# Treats for cats with kidney failure?



## LisaC1985 (Feb 3, 2012)

Does any know of suitable treats they can recommend? I had a look through a large selection this morning but the protein percentage was far too high, some over 80%.


----------



## Ianthi (Oct 21, 2008)

I can't recommend any particular type as such and I'm sure a few won't make a whole lot of difference. However, I would be more inclined to look for ones with low phosphorous ( if they exist-I've no idea! ) than protein.
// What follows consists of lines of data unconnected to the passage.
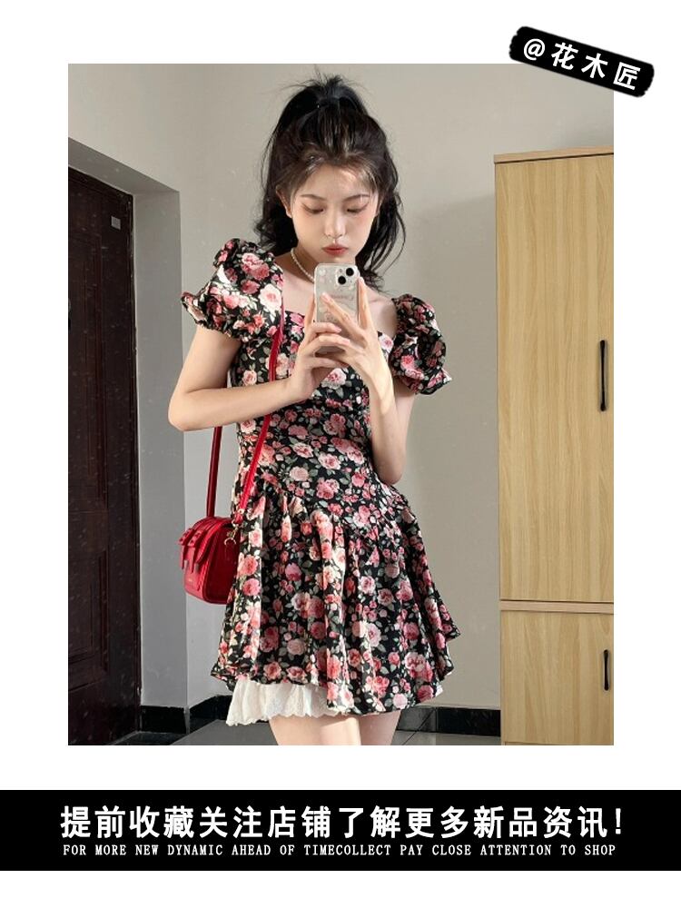 Pure desire wind square neck floral puff sleeve dress female summer 2022 new French pleated waist slim skirt プリーツ サマー 夏物 花柄 スカート スリム スクウェア 0921932736959959
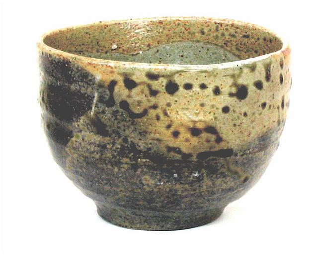 A new series of tea-bowl shapes. Thery are always intriguing to make, bearing in mind the philosophy behind their use. This is quite small, about 10 cms. The bowl expresses a new type of firing, using both gas and charcoal. |
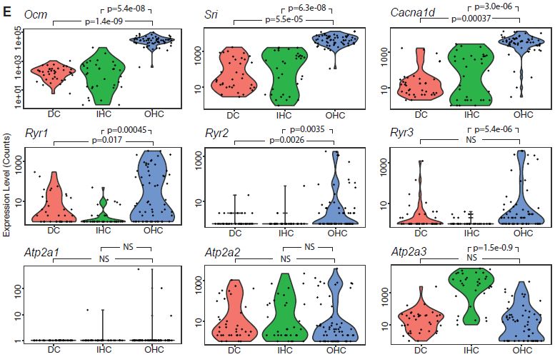 已知細(xì)胞類型marker基因高度差異表達(dá),例如prestin(Slc26a5),其在OHCs中穩(wěn)健且差異表達(dá)。與公布的OHC和IHC轉(zhuǎn)錄組數(shù)據(jù)進(jìn)行比較,搜索具有不一致排名的基因,假設(shè)通過(guò)AUC而不是表達(dá)水平對(duì)基因進(jìn)行排序?qū)⒃诟鼜V泛的表達(dá)水平上鑒定細(xì)胞類型定義基因。按AUC分類排名時(shí),兩個(gè)鈣相關(guān)基因Ocm和Sri在OHC定義基因列表中排名第一,甚至超過(guò)Slc26a5,排名第三(上圖2F)。先前已在OHC中報(bào)道了Ocm的表達(dá)。編碼蛋白質(zhì)oncomodulin(癌調(diào)蛋白)是鈣結(jié)合蛋白家族成員之一,它是耳蝸聽力擴(kuò)增所必需的。Sri編碼sorcin(可溶性耐藥相關(guān)鈣結(jié)合蛋白),一種在心肌細(xì)胞中表達(dá)的蛋白質(zhì),是鈣介導(dǎo)的興奮-收縮偶聯(lián)所必需的,通過(guò)抑制Ryr通道(Ca2+釋放通道/RyR受體)進(jìn)行鈣離子介導(dǎo)的鈣離子釋放?(CICR)。在肌細(xì)胞中,Ryr通道介導(dǎo)CICR,能夠從肌質(zhì)網(wǎng)中快速釋放Ca2+離子,從而產(chǎn)生對(duì)于肌肉收縮必不可少的時(shí)空限制性鈣火花。
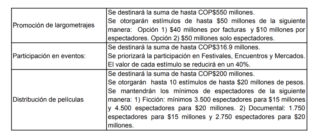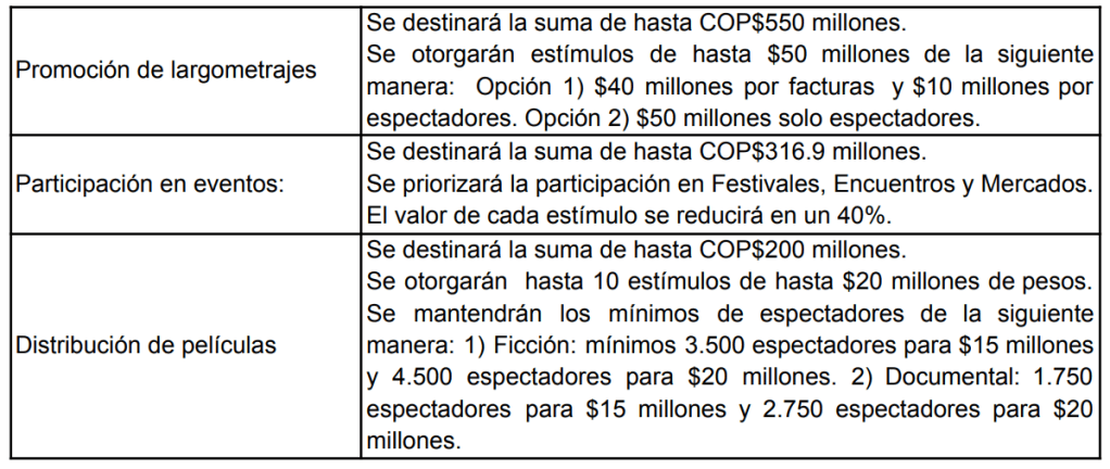 Los estímulos automáticos, que fomentan la promoción de largometrajes, participación en eventos (festivales, encuentros y mercados), además de distribución de películas; tienen una nueva suma de $2.314 millones.
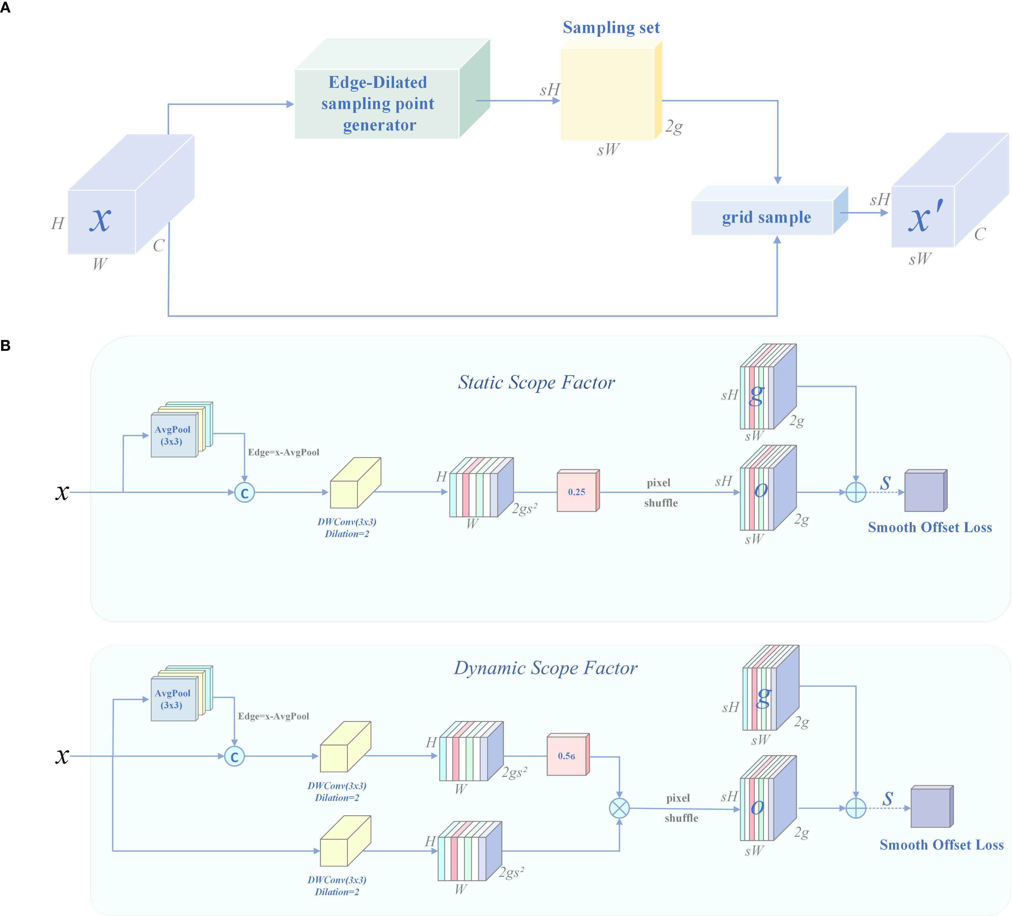 Figure 13. Structure of DySample-E. (A) Sampling based dynamic upsampling. (B) Edge-Dilated sampling-point generator (DySample-E).

How is he doing since return home?


----------



## LisaC1985 (Feb 3, 2012)

Thanks Ianthi.

To be honest the ingredient lists were small & I couldn't see phosphorous on any of them, but protein came top. He's having so much treatment at home I wanted some treats just for him.

He's doing really well, he took his sub-Q's well today, as well as a jab for anaemia. He's having a tablet & two other syringes each day. Poor boy's on a lot! He seems much better in himself & he's eating well, although he hasn't been to the toilet so we've had to buy something for that, hopefully it will kick in & work soon.


----------



## Cats cats cats (Feb 4, 2011)

I used to use a phosphorous binder (renalzin) with my angel Black (RIP) . He would NOT eat renal foods so i let him have what he wanted with his binder on ....he ate mostly raw food  His kidneys numbers hardly changed in 3 years 

So i would say , definitely look at controlling phosphorous (reducing protein itself reduces phosphorous and that i believe, is why it is so often recommended to feed low protein  )

I learnt a lot from the YAHOO CRF group and also, Tanyas CRF site ....Tanya's Comprehensive Guide to Feline Chronic Kidney Disease - Symptoms, Diagnosis, Treatments and How to Cope With It

Hope this helps


----------



## LisaC1985 (Feb 3, 2012)

Thank you Valerie. He is started off ok on the renal food but now he wont eat it so he is on normal food & Renalzin. I wanted some treats for after all the jabs/tablets he's taking at home with us. The treats I've always given them are Milky Flake-Ums but the phosherous levels are really high.


----------



## maisiecat (Jul 27, 2011)

I was going to say try to find low phosphorous rather than low protein. I am in the same situation regarding finding suitable foods and treats.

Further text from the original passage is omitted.